I still have a 4:3 tv. In fact there are probably more than we think. Alough most will have a widescreen in thier living room, many will have a 4:3 tv in bedrooms, kitchens etc. Does anyone have any statistics on how many this is?
Now if ultra wide movies are shown on 4:3 tv set to letterbox, this creates a double letterbox. Half the screen is black, only a centre strip is visible. If they watch in centre cut out, they get part of the picture cut off, but the intense letterbox is reduced to a standard letterbox as if they were watching a normal broadcast in letterbox mode. If a film is cropped to 16:9, and the digibox is set to centre cut out, this could also produce undesirable results on 4:3 tvs. The ultrawide film is now cropped to 4:3, just like it used to be in the olden days of vhs (unless they bought a letterboxed copy) alough it is a center cut out, not a pan and scan, which means important info could be lost in a film if a digibox is set to center cut out.

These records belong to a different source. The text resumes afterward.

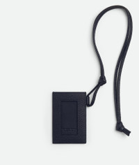 Badge holder in grained Intrecciato calf leather. Product Details - Grained Intrecciato calfskin leather badge holder - One card compartment - Leather lanyard - Lining: Calf leather - Color: Nocturnal - Made in: Italy - Product code: 844600V5I504185 Material - Material: Calfskin Size & Fit - Height: 10.5 cm | 4.1" - Width: 7 cm | 2.8" - Depth: 0.5 cm | 0.2" - Strap Drop: 45 cm | 17.7"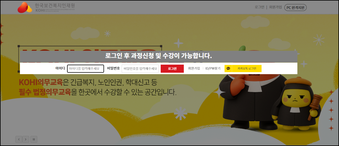 - edu.kohi.or.kr 또는 in.kohi.or.kr 접속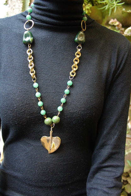 Crafted with brass chain, beads and a brass leaf pendant.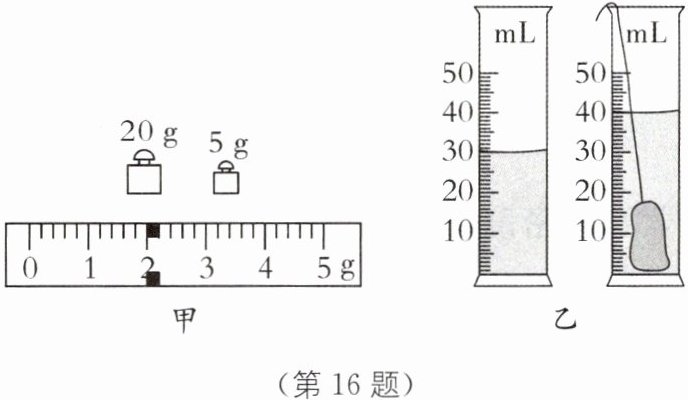 16. 小明测量某种矿石样品的密度,天平平衡时右盘所加砝码及游码的位置如图甲所示,图乙是矿石样品放入量筒前后的情况,由测量可得矿石样品的质量为
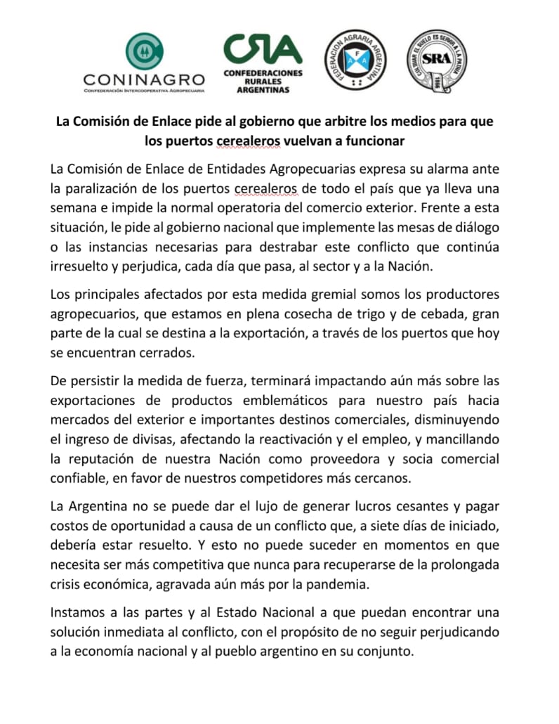 La Comisión de Enlace de Entidades Agropecuarias emitió un comunicado oficial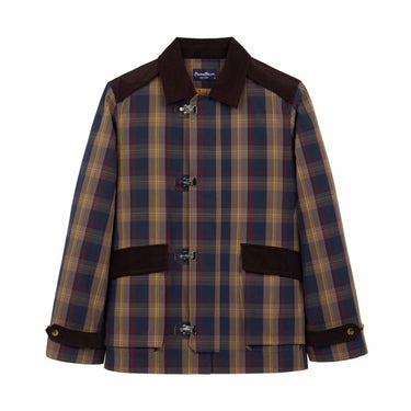 - Men’s classic oilcloth coat in plaid Corduroy collar, shoulders, and trim.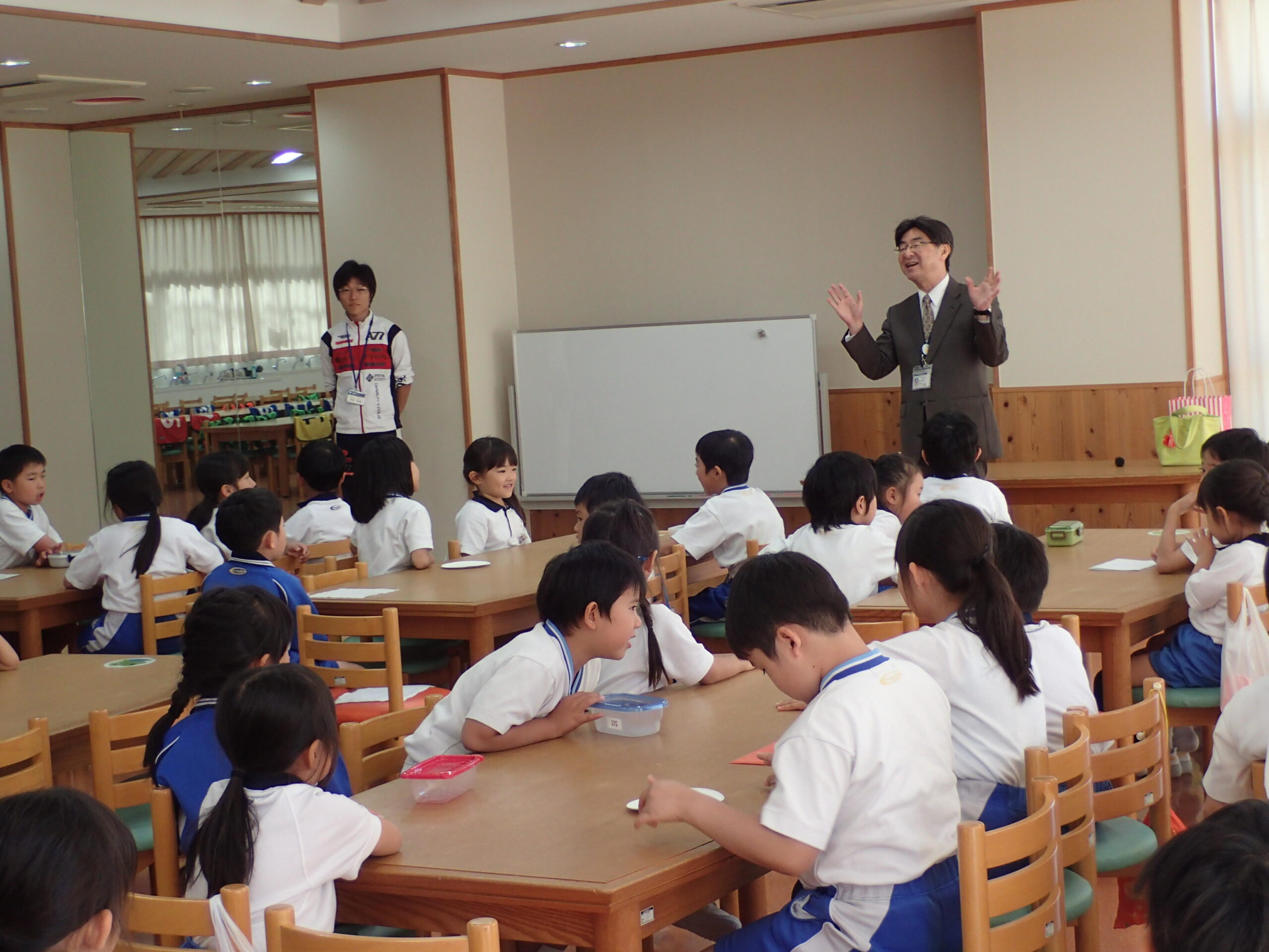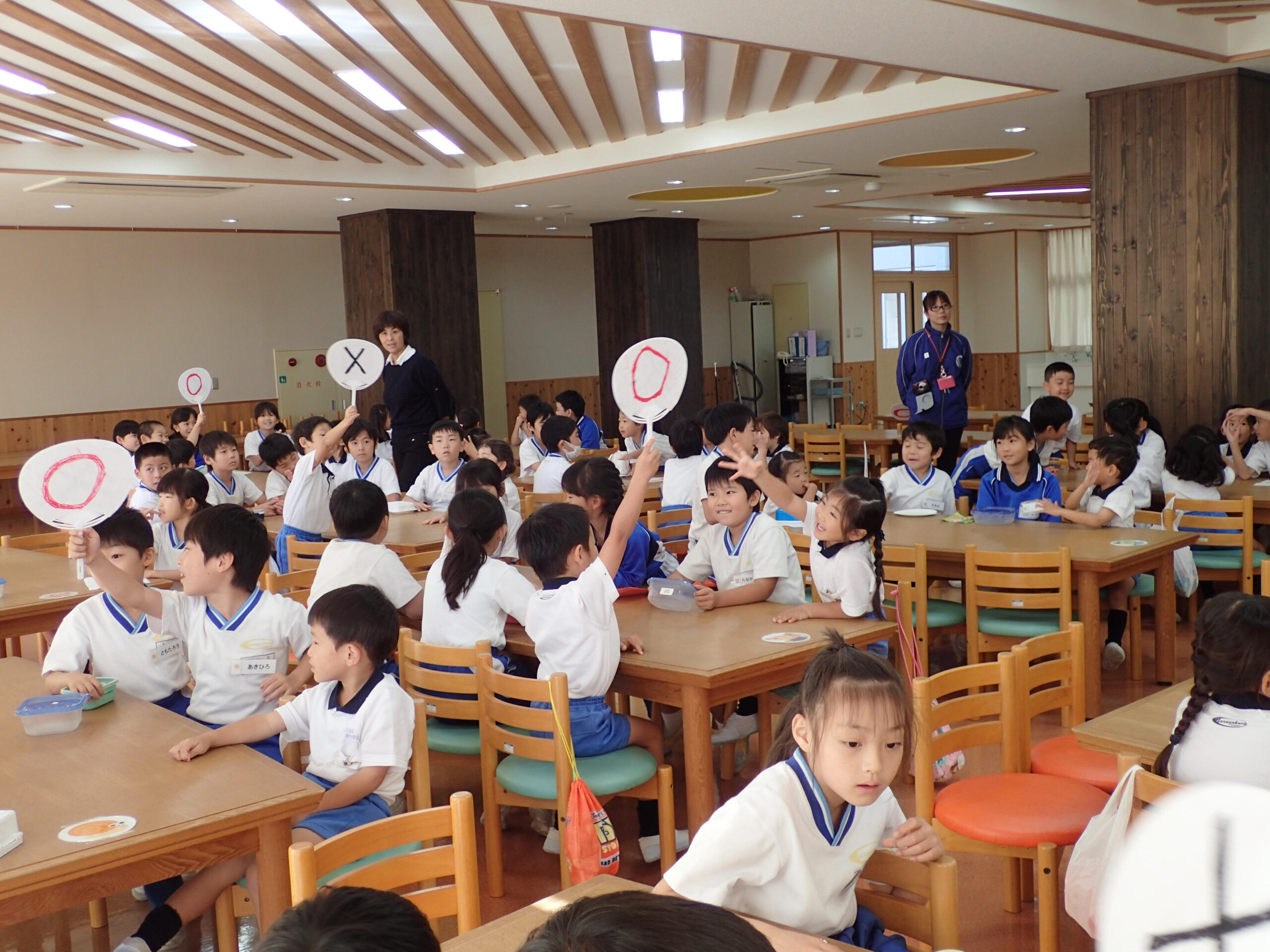 P2生は「さつまいもクイズ」をみんなに出題しました。○×クイズに、PP2生もP2生も一緒になって考えます。サツマイモはジャガイモと同じように育つでしょうか、という問題には、多くの子どもたちが「○」と答えましたが、答えは「×」で、みんなとてもびっくりしていました。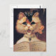 Cute vintage illustration of a cat wearing a fancy hat with feather. She's holding sheet music and singing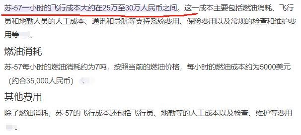 至于苏57的每小时飞行成本,一直有人说大约为30万人民币每小时,但并未有确切报道承认这一数字。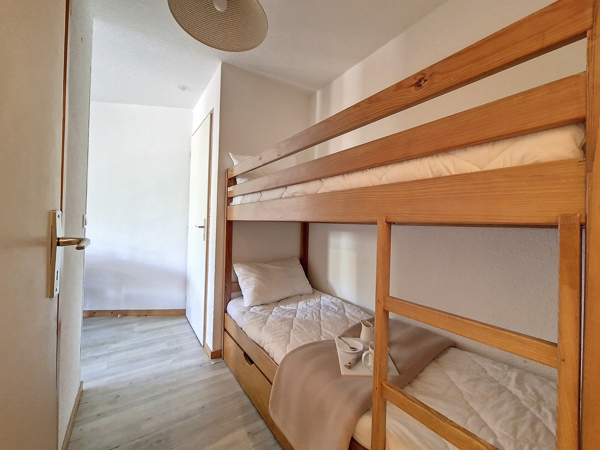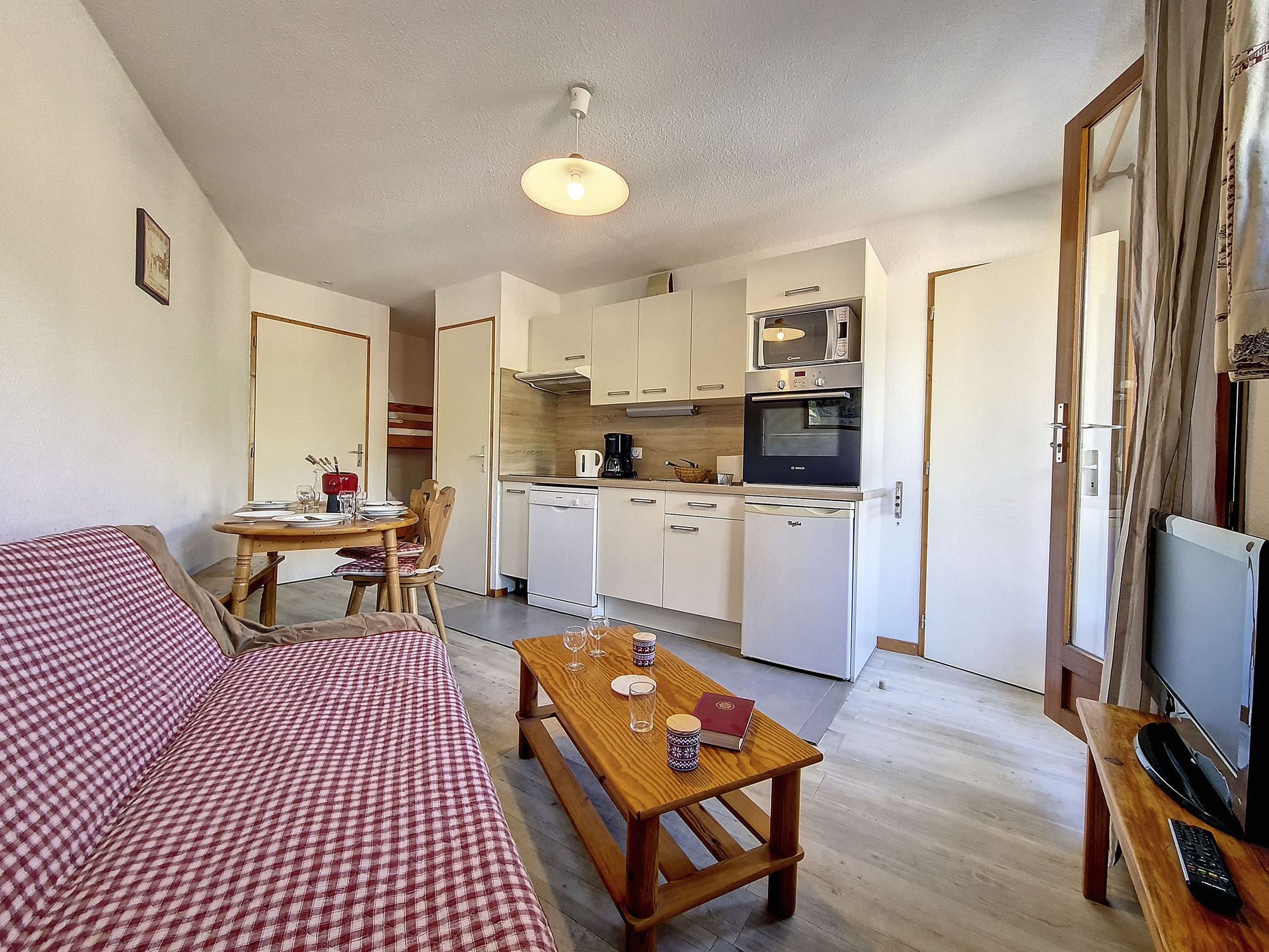Apartment with 2 rooms, 30 m², sleeping for 4 persons. it is located in the village center near the shop and all the services. It has a West-facing balcony and is located on the 1st floor (no lift) of the residence Resort Quality Label : 2 ** silver Bedroom : 1 double bed Cabin : 2 bunk beds. Bu...

Im wondering, when the broadcasters crop a film wider than 16:9 to 16:9, do they simply cut off the sides like a center cut out or do they pan and scan the film?
In conclusion its a tough debate. If they show the film in its original format, viewers see a smaller image and they may not like the black bands. If they crop it, they see a larger, more detailed image but may lose important information. Viewers on small screens will probably prefer the cropped version, whereas viewers on large screens will probably prefer to see all of the picture.
I wonder in which way the channel gets more complaints - viewers complaining about black bars or viewers complaining that they are missing action at the sides.
A possible compromise could be to crop it to in between 16:9 and the original aspect ratio (eg 21:9).
Or maybe as many people watch 4:3 material stretched to 16:9, they wouldnt mind it the other way around, say 21:9 squeezed to 16:9.
Or they could squeeze it a bit and crop it a bit.
Another option which they could do is show the film in its original ratio on the hd channel for hi def tvs and crop/squeeze it for standard def tvs watching the sd channel.
The broadcasters should experiment and see which method works best (ie least complaints) and stick with that.